Humans are adaptable. And so are our muscles. The more we progress in our training, the more they adapt to our workouts, and the less likely they are to respond. That’s the time to ramp up the intensity with a range of sizzling strategies that will leave your muscles with no choice but to grow. The ten strategies outlined here aren’t for the faint-hearted. What they are is hard-core and heavy-duty – just what your body needs to take your results to the next level!
Method #1: Develop the Mind Muscle Connection
When you’re about to lift, you must develop laser like concentration on the task at hand. The first way to do this is to develop the mind-muscle connection. If you are doing squats, for example, put your mind into your thighs. Let nothing else matter. Be in the moment.
While you are fully engaging your brain with the body mechanics of the movement you are performing, you need to, at the same time, switch it off to the part that is trying to curtail your workout. You know that part – it’s the part that is always attempting to rationalize why you should do less . . .
So you don’t get injured
So you don’t miss that appointment
So you don’t over train.
We all have that voice inside, and it’s always trying to get us to do less than we should. Never negotiate with it. Instead do the opposite – tell yourself that what is set before it is easy. Rather than obsessing with the weight, view your body as a machine, rhythmically and mechanically moving the weight in perfect precision.
Method # 2: Lift Your Sternum
A lot of guys go into a lift with rounded shoulders and their torso hunched down. This is a very immobile position. By lifting your sternum, you will be extending through the thoracic spine. Think about bringing the sternum up so that it is level with the ground. Doing so will set your shoulder blades in the right spot for all of your curling and overhead lifting.
Method #3: Pull with Your Elbows
When you’re doing a pulling exercise, such as a Lat Pull-down, don’t think about pulling with your hands. If you, do you are likely to pull down with your wrists. To focus on the target muscle, such as the lats, you need to pull with your elbows. When doing the Lat Pull-down, think of your hands simply as hooks and concentrate on pulling down with your elbows. As a result, your elbows will move down and back beyond the level of your lats.

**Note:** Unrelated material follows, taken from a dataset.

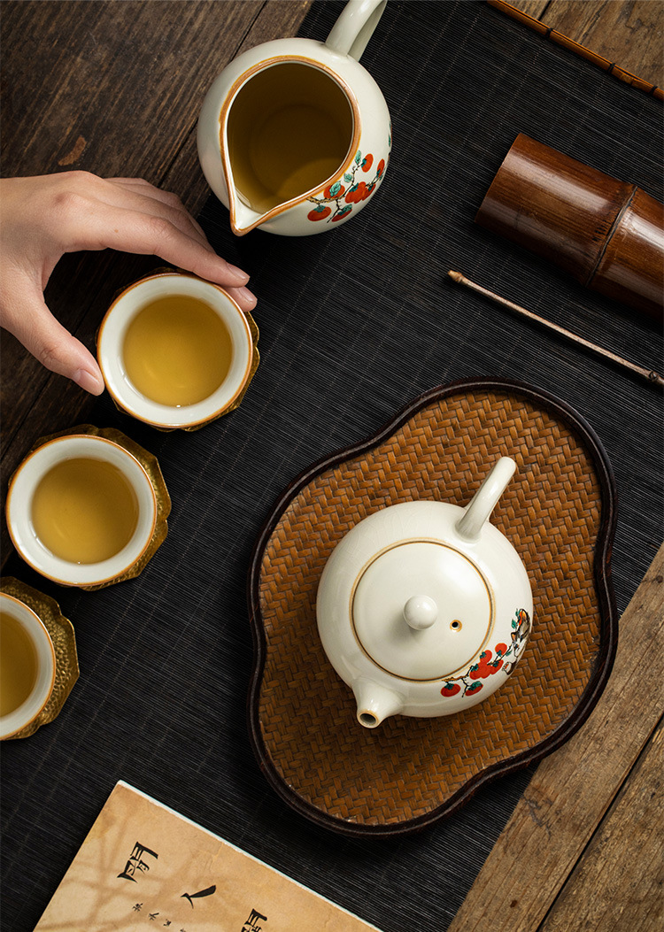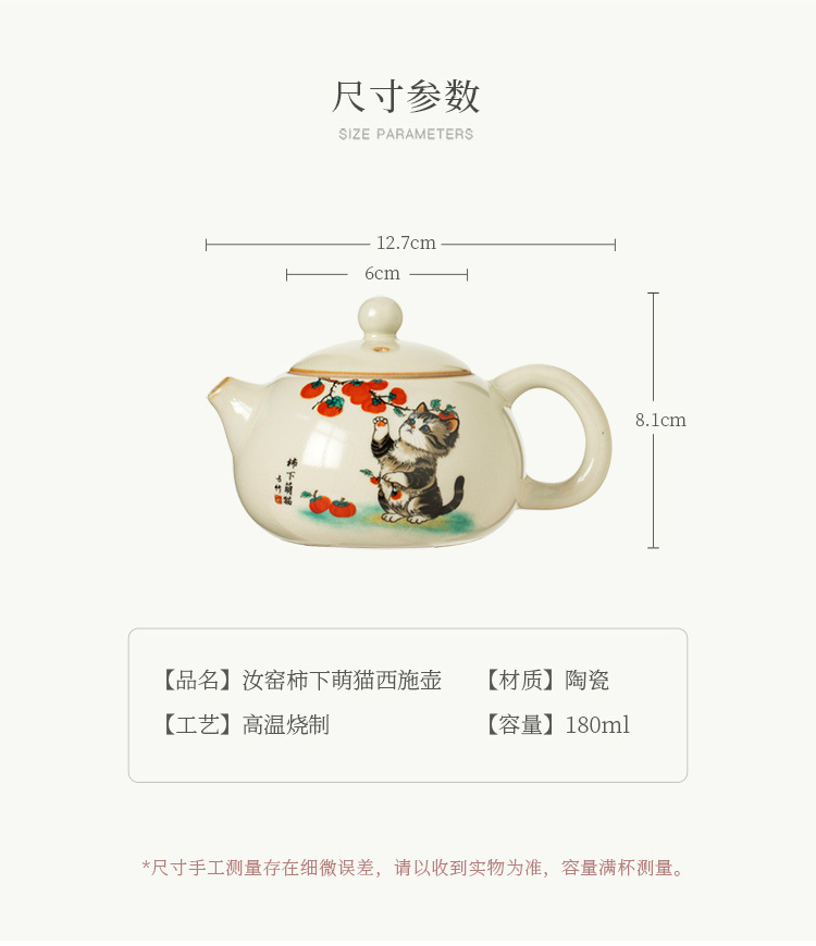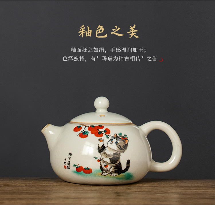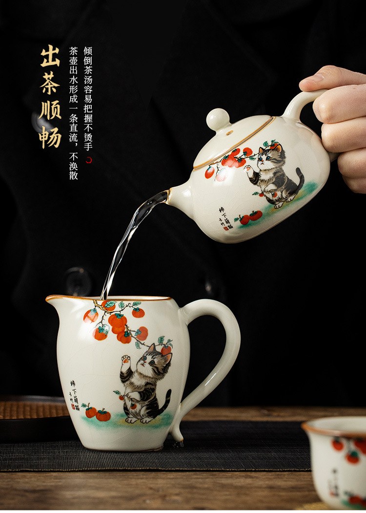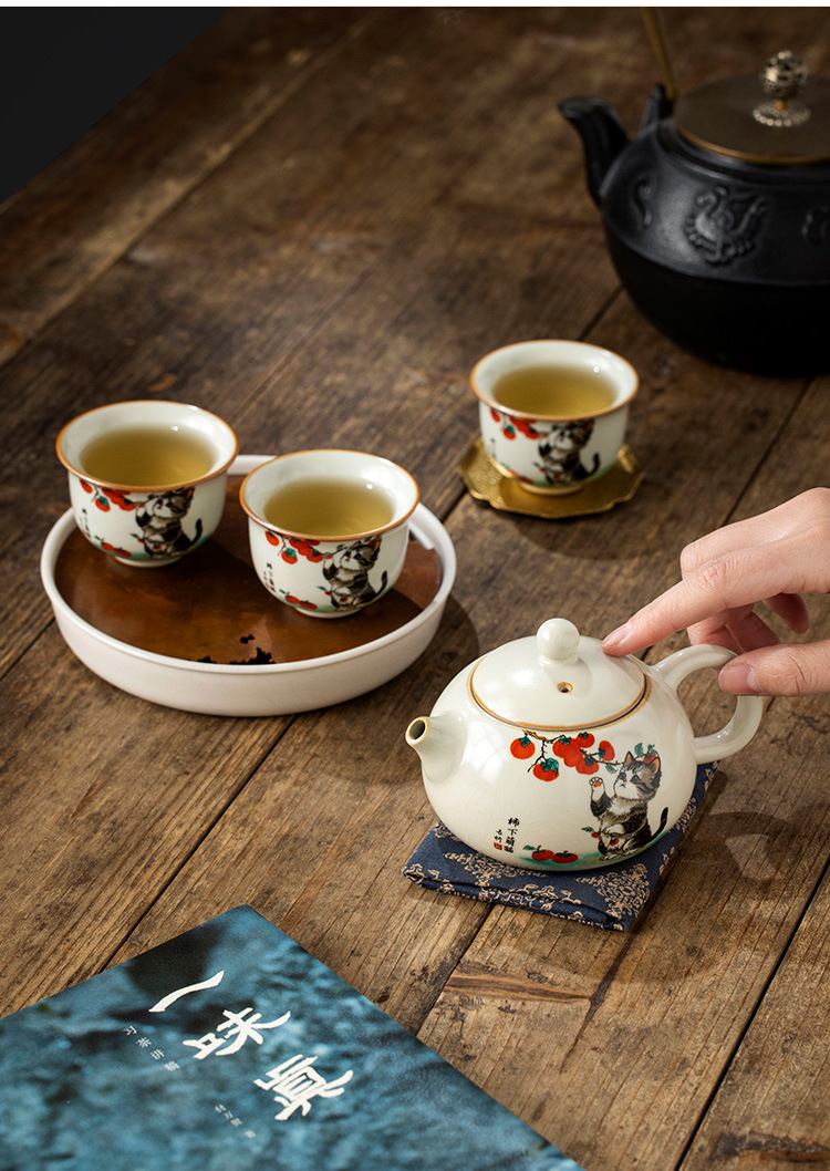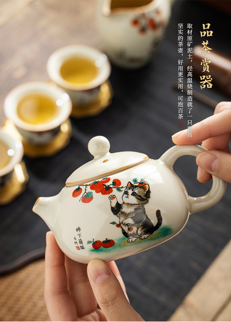 - Ấm trà gốm sứ kiểu Trung Quốc mới Ru Kiln Persimmon hình mèo dễ thương dành cho một người, kèm tách trà và bộ ấm chén dùng trong nhà.

Method #4: Brace Through Your Torso
When you’re doing an exercise like the deadlift or an overhead life, you need to get tight through your torso. The first cue to achieve this is to pull down with your lats. Imagine that you’re doing straight arm pull-downs. Now squeeze the chest. This will provide you with a great deal of rigidity through the trunk which will actually allow you to lift more weight in your deadlift or overhead moves. In the top position of the exercise (such as the upright position of the deadlift), be sure to squeeze your glutes as tight as you can. This will ensure that you get full hip extension. You’ll be more stable and, again, you will be able to handle more weight.
Method #5: Squeeze the Bar
Whether you’re using a machine, a dumbbell or a barbell, you should squeeze with your hands. Doing so will enable you to activate a number of stabilizer muscles. When you squeeze the bar, the force will transmit all the way up your arm. This makes it easier for you to perform an upper body lift safely.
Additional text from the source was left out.